YOUR INSTRUCTIONS:
For this exercise, output exactly and only the lines running from the one with "3.1. HCC Cells" through the final line of the data below, without pictures.

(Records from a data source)

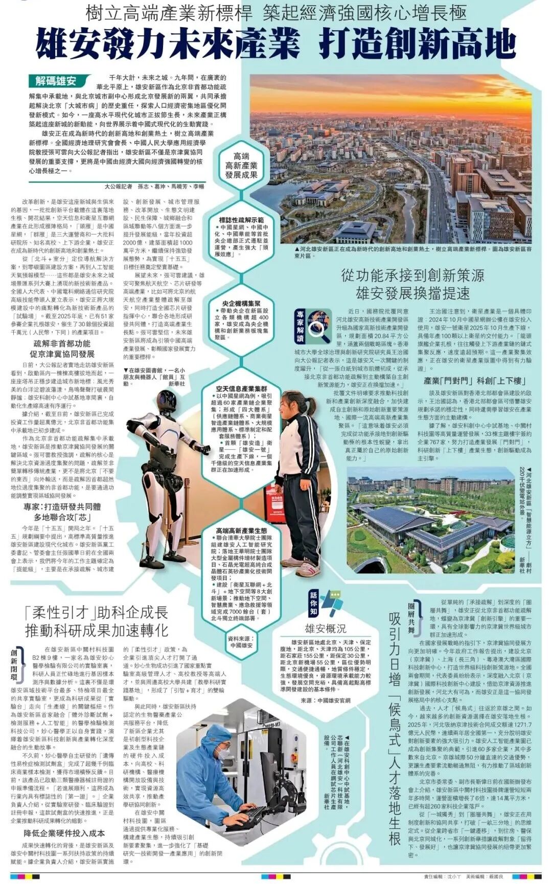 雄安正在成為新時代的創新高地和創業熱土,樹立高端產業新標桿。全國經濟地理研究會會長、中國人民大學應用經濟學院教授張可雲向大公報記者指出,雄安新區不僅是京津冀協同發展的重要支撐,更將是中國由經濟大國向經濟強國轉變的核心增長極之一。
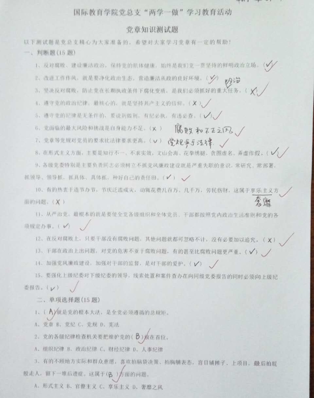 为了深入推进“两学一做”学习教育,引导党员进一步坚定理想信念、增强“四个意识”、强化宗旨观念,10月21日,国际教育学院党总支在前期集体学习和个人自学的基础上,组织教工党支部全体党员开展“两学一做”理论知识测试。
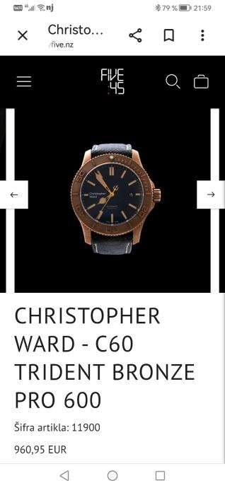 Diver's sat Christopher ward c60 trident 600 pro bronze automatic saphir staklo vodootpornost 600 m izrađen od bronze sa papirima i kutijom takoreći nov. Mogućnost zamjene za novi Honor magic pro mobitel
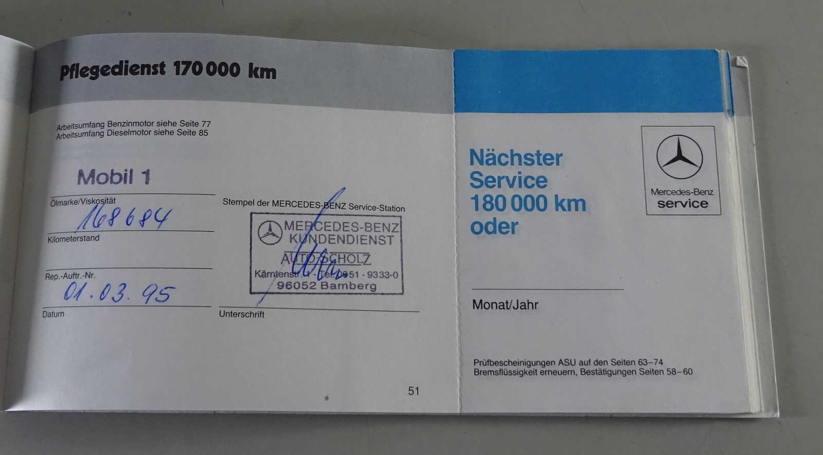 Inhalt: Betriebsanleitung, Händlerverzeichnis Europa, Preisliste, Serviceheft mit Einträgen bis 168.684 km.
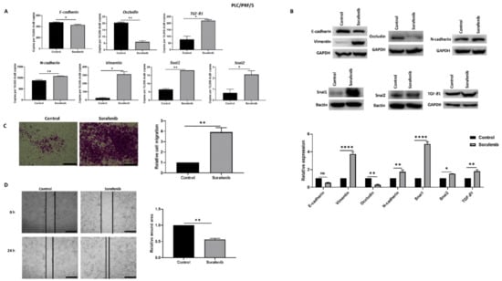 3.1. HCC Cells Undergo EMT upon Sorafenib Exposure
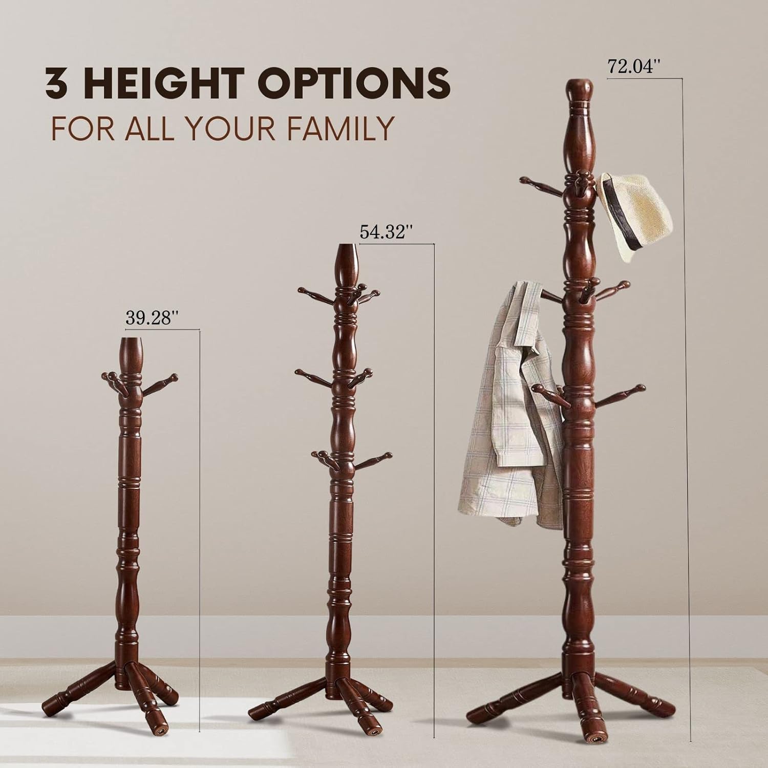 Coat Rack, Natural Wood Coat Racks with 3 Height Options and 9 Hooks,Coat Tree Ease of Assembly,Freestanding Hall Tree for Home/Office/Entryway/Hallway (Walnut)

SOLUTION TO THIS TASK:
 3.1. HCC Cells Undergo EMT upon Sorafenib Exposure
 Coat Rack, Natural Wood Coat Racks with 3 Height Options and 9 Hooks,Coat Tree Ease of Assembly,Freestanding Hall Tree for Home/Office/Entryway/Hallway (Walnut)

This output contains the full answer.